Introduction

Chronic suppurative otitis media is worldly prevalent disease with otorrhoea, hearing loss, otalgia causing psychological trauma and financial burden to the society. In an attempt to overcome this menace, various techniques of Tympanoplasty have evolved out and from time to time improvisation was done based mainly in terms of hearing improvement and disease free ear.

CSOM is the main indication for Tympanoplasty. It is a disease of the middle ear with a wide range of pathology affecting mastoid, facial nerve and ET. For this reason Tympanoplasty unlike Stapedotomy, doesn’t have a standardised procedure. The technique and procedure varies according to the individual case findings and pathology.

“Tympanoplasty is an operation to eradicate disease in the middle ear and to reconstruct the hearing mechanism, with or without tympanic membrane grafting [1]”. This operation can be combined with either an intact canal wall (ICW) or a canal wall down (CWD) Mastoidectomy to eradicate disease from the mastoid area.

Since the fundamental principles of Tympanoplasty [1] were introduced by Wullstein and Zollner, surgery of the ear has been directed toward the restoration of function as well as providing a stabilized trouble-free ear. Zollner and Wullstein provided a classification of Tympanoplasty that focused on the type of ossicular chain reconstruction (OCR) needed. The five types of Tympanoplasty they described refer to the most lateral intact structure on which the conductive mechanism will be constructed.
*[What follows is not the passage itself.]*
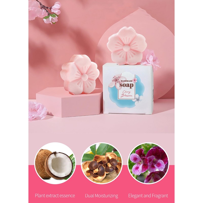 1Name:Sakura-Shaped Scented Botanical Soap;2Color:Pink;3Application:baths and skincare;4Fragrance:Floral;5Net Weight:45G;Package Weight:100G;6Soap size: 6 x 3.6 x 3.5 cm /2.4 x 1.4 x 1.4 inch; Package size: 9 x 9 x 4 cm /3.6 x 3.6 x 1.6 inch;7Package: 2 Pack Sakura-Shaped Scented Botanical Soap with blistering net in a gift package.Ingredients:Sorbitol solution,sucrose,stearic acid,glycerin, lauryl alcohol,cherry blossom extract,aloe vera extract,hyaluronic acid,Camellia seed oil;Method of use;Wet your skin and lather it with a foam net.Gently massage the foam into the skin for 2-3 minutes and rinse with water.ARTISANALLY HANDMADE:Each of our soaps is handmade by our very own soap artisan.This Soap moisturizing bars thoroughly cleanses,gently exfoliates,soothes itching,eliminates flaking and moisturizes fragile,damaged,dry skin.Free of artificial fragrances and artificial colorants,SLES free. Skin-friendly and non-irritating,mild formula.Suitable for all skin types.Note:Keep this product in a cool, dry and ventilated place, away from direct sunlight or immersed in water.This product is for external use only, it is recommended to stop using if discomfort occurs.This product is for foreign use, do not swallow, please keep out of reach of children.

Type I Tympanoplasty indicates all three ossicles to be present and mobile. Thus, OCR is not needed. Type II grafts the tympanic membrane to an intact incus and stapes. A type III exists when an intact mobile stapes superstructure is present and the tympanic membrane or graft remains directly on the stapes superstructure. Type IV describes an absent or eroded superstructure with the graft or tympanic membrane overlying a mobile stapes footplate. Type V Tympanoplasty refers to a fenestration created in the horizontal semicircular canal.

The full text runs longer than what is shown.